Relativistically Invariant Tensors

[The_Duck]

In special relativity, the metric tensor is invariant under Lorentz transformations:

$$\Lambda^\alpha{}_\mu \Lambda^\beta{}_\nu g^{\mu \nu} = g^{\alpha \beta}$$

Is this the unique rank 2 tensor with this property, up to a scaling factor? How would I go about proving that?

I know that two rank 4 tensors with this property are the completely antisymmetric $$\epsilon^{\mu \nu \sigma \rho}$$ and the completely symmetric $$(g^{\mu \nu} g^{\sigma \rho} + g^{\mu \sigma} g^{\nu \rho} + g^{\mu \rho} g^{\nu \sigma})$$. My guess is that any rank 4 tensor invariant under Lorentz transformations is a linear combination of these two. I haven't been able to prove that, though. Any hints?

What about other ranks? I can see that for even ranks I can go on constructing completely symmetric relativistically invariant tensors from the metric tensor as for rank 4. I can also see that there is no invariant rank 1 tensor. My conjecture is that there are none of odd rank, and that except for the completely antisymmetric rank 4 tensor all such tensors are completely symmetric and built from the metric tensor much like the rank 4 one.

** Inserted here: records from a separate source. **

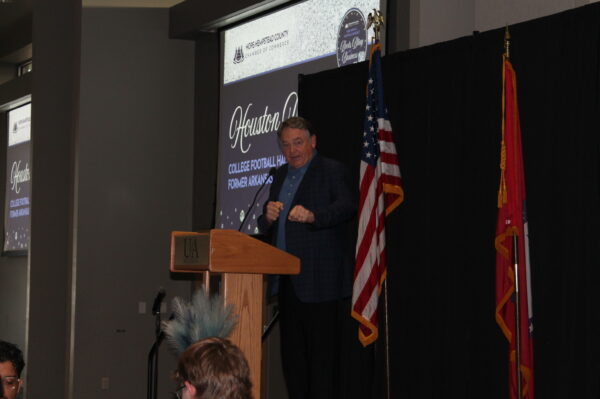 The featured guest speaker, Former Arkansas Razorback Football Coach Houston Dale Nutt, was introduced, but not before the entire crowd was led in a loud rendition of “Calling the Hogs”, which got the everyone in the proper mood for his entertaining speech. He mentioned several former Razorback players who competed under him who were also in attendance including Hope’s own David Johnson. Over the course of his career, Houston Nutt coached 20 All-Americans, and 175 All-SEC selections. Nutt also ranks as the second-winningest coach in the University of Arkansas, behind only the legendary Frank Broyles.
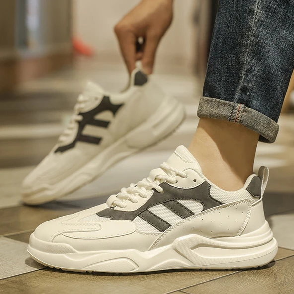 Erkek Günlük Spor Ayakkabı - Bağcıklı - Düz Taban (Bej - Gri)
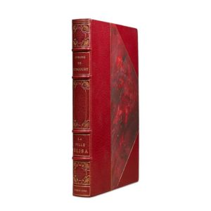 JEANNIOT. GONCOURT (Edmond de). La fille Elisa. Paris, Emile Testard, 1895. In-8, [2] f., VII-257-[1] p. demi-maroquin rouge à coins, dos à 4 nerfs saillants, auteur et titre doré, lieu et date frappées en queue, caissons ornés de 4 f leurons mosaïqués aux angles et bordés de filets dorés et à froid, filet doré sur les plats, tête dorée, couverture et dos illustrés conservés [René Aussourd]. Édition illustrée de compositions de Georges Jeanniot : 60 croquis gravés sur bois dans le texte et 10 eaux-fortes hors-texte dont un frontispice. Un des 38 exemplaires sur papier de Chine (n° 44, 2e papier après 12 japon), contenant : - les 10 hors-texte en 4 états (état terminé, 2 avec remarques, 1 noir), les figures dans le texte en double état (62 pl.), la vignette du titre en 3 états (état définitif, en couleur, et noir). - le prospectus (4 f. et une planche). - le feuillet accompagnant la livraison du 1er état d'une planche supprimée ; il semble que ladite planche soit placée ici en regard de la page 194.
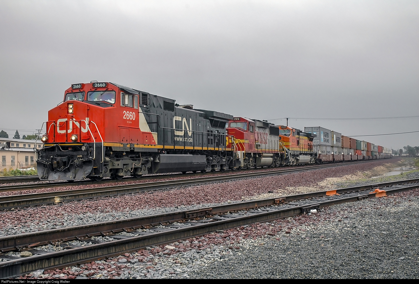 A light drizzle is falling as BNSF train S-ALTWAT1-15, heading to Watson in the Los Angeles Harbor area, holds Track 2 at Basta for the afternoon passenger rush, during which Amtrak and Metrolink trains pass by about every ten minutes. On this afternoon, this Intermodal Stack train has an interesting consist, particularly given that it originated in Alliance, Texas: Canadian National Dash 9-44CW 2660 is leading BNSF GP60M155 and BNSF Dash 9-44CW 4334. (Fullerton, California – March 19, 2005)
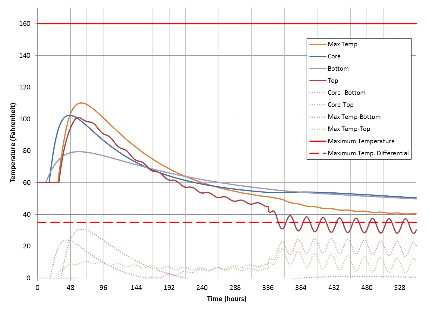 • Thermocouples installed in the mat foundation to measure temperatures after the mass concrete placement and verify that the measured temperatures were consistent with the SGH thermal model analysis
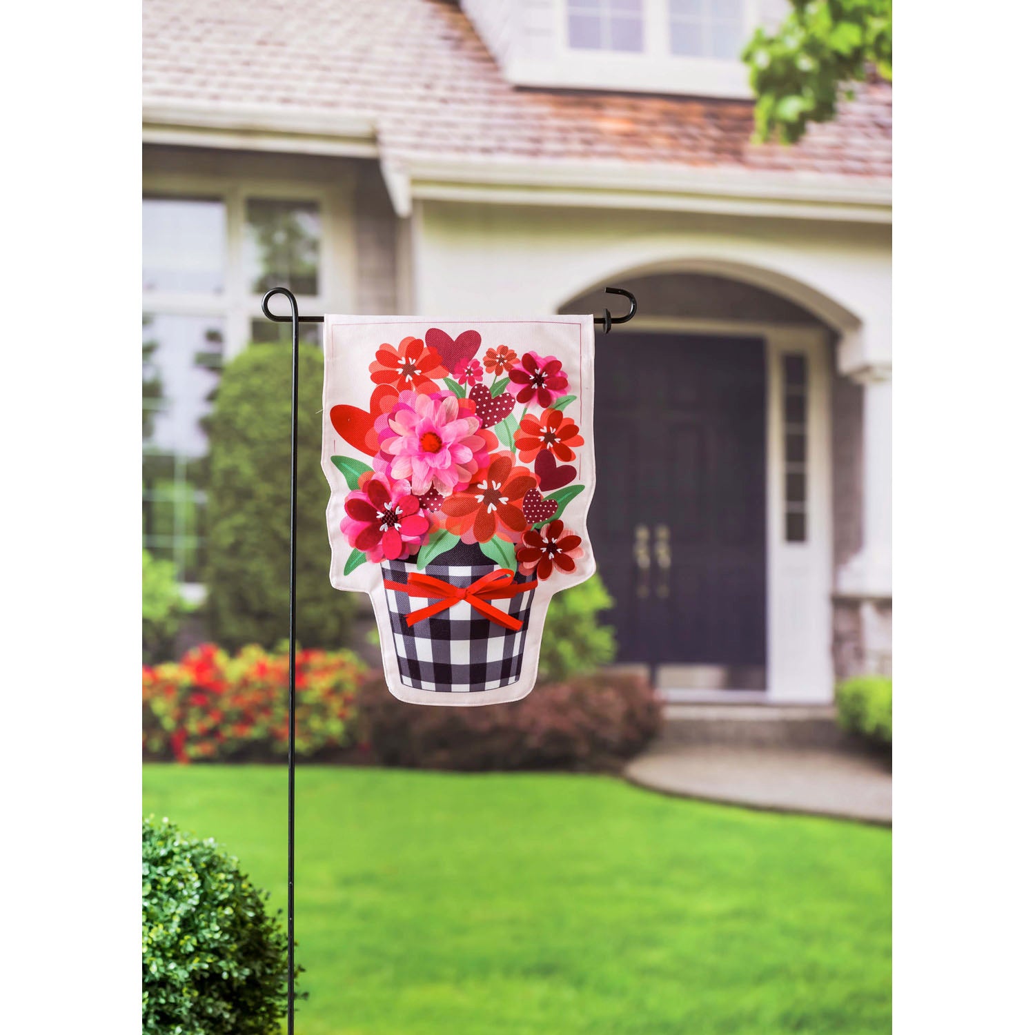 Buffalo Check Flower Pot Printed Burlap Garden Flag; Polyester 12.5"x18"
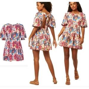 New MISA LA Honor Mini Dress Amalfi Botanical Floral Prairie Puff Sleeve Flowy
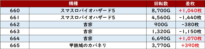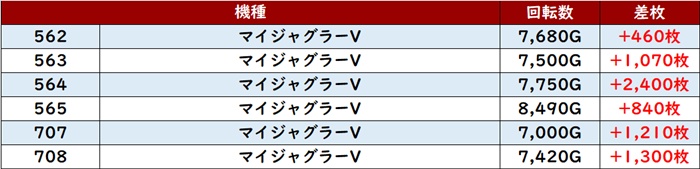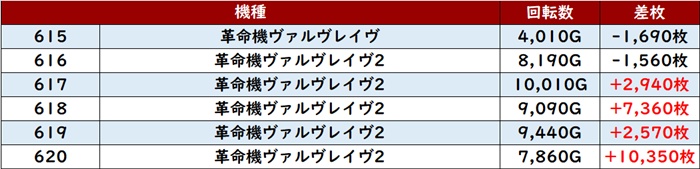 まずは「ヴヴヴ~ヴヴヴ2 615~620」の半数以上が差枚数+2,500枚超えの大幅プラス差枚を記録!
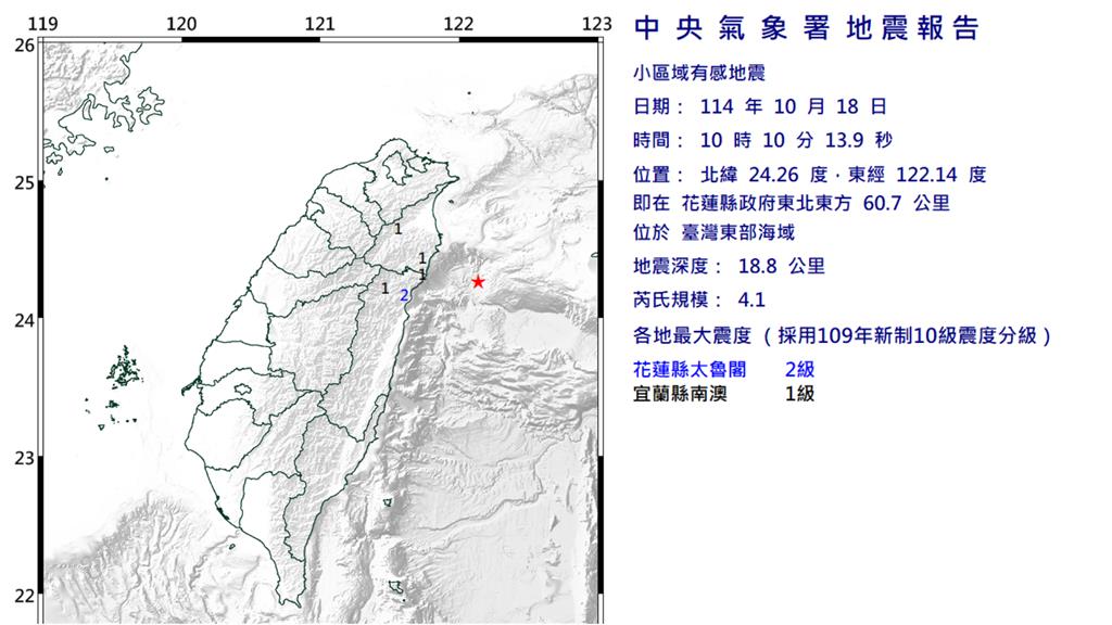 臺鐵公司說明,10:04在花蓮縣政府東北東方56.9公里(位於臺灣東部海域)發生芮氏規模5.3地震,和仁4級,和平=崇德間按4級地震規定辦理。南港、宜蘭、蘇澳新、南澳各3級,台北=七堵間、礁溪=和平間按3級地震規定辦理。

I'm asking about this because I just completed a homework problem which would have taken me about 3 fewer pages if I could have just said, "This completely symmetric tensor is invariant under Lorentz tranformation. Therefore it must have this form: ..."

 

[arkajad]

If g and g' are invariant then $g^{-1}g'$ commutes with all $\Lambda$ and therefore g' is proportional to g.

 

[The_Duck]

arkajad, thanks, I can see now why there is a unique rank 2 invariant. I've found that chapter 34 of Srednicki's QFT book talks about these "invariant symbols" so I will read that.